Across all the records, filter for lines with the word "This" and copy them.
========================================================================
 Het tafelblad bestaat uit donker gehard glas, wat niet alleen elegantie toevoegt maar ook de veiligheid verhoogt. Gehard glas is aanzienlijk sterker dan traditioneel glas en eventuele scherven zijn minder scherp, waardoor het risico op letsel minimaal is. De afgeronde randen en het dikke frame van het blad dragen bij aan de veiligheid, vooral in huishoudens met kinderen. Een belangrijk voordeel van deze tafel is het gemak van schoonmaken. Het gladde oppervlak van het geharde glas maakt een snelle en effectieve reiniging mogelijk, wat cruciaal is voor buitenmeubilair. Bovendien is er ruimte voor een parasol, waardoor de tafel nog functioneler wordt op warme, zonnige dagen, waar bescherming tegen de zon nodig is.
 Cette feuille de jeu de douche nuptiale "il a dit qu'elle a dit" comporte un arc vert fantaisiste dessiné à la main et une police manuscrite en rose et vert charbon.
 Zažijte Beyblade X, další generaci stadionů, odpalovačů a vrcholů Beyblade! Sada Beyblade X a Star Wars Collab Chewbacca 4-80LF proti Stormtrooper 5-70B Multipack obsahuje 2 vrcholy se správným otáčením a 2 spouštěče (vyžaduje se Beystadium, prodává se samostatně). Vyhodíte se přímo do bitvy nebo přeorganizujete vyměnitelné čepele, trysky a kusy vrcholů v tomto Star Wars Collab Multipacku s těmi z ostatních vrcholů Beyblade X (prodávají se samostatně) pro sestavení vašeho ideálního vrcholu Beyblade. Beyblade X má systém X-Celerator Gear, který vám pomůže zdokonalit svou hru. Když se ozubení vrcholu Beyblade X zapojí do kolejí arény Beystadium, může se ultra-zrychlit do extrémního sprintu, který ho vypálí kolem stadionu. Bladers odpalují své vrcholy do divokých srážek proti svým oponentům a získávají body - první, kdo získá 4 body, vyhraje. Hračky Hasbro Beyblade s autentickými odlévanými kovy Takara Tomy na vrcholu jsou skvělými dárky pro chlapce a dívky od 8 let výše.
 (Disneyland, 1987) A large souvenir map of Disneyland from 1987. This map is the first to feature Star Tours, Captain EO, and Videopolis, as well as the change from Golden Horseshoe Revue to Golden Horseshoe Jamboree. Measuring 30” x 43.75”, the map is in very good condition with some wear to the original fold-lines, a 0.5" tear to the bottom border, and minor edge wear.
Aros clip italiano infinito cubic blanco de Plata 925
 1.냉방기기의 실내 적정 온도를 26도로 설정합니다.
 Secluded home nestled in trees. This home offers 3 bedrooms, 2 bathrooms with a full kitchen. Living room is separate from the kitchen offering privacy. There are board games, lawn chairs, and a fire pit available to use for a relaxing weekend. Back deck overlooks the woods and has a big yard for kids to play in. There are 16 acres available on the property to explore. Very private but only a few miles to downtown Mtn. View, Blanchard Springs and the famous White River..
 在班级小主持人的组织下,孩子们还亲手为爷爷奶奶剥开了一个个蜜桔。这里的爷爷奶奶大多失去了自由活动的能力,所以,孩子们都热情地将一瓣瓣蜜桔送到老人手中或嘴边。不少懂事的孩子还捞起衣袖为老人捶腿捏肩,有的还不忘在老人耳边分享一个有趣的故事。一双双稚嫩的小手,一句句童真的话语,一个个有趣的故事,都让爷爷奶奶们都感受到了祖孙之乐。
========================================================================
Task response>
 (Disneyland, 1987) A large souvenir map of Disneyland from 1987. This map is the first to feature Star Tours, Captain EO, and Videopolis, as well as the change from Golden Horseshoe Revue to Golden Horseshoe Jamboree. Measuring 30” x 43.75”, the map is in very good condition with some wear to the original fold-lines, a 0.5" tear to the bottom border, and minor edge wear.
 Secluded home nestled in trees. This home offers 3 bedrooms, 2 bathrooms with a full kitchen. Living room is separate from the kitchen offering privacy. There are board games, lawn chairs, and a fire pit available to use for a relaxing weekend. Back deck overlooks the woods and has a big yard for kids to play in. There are 16 acres available on the property to explore. Very private but only a few miles to downtown Mtn. View, Blanchard Springs and the famous White River..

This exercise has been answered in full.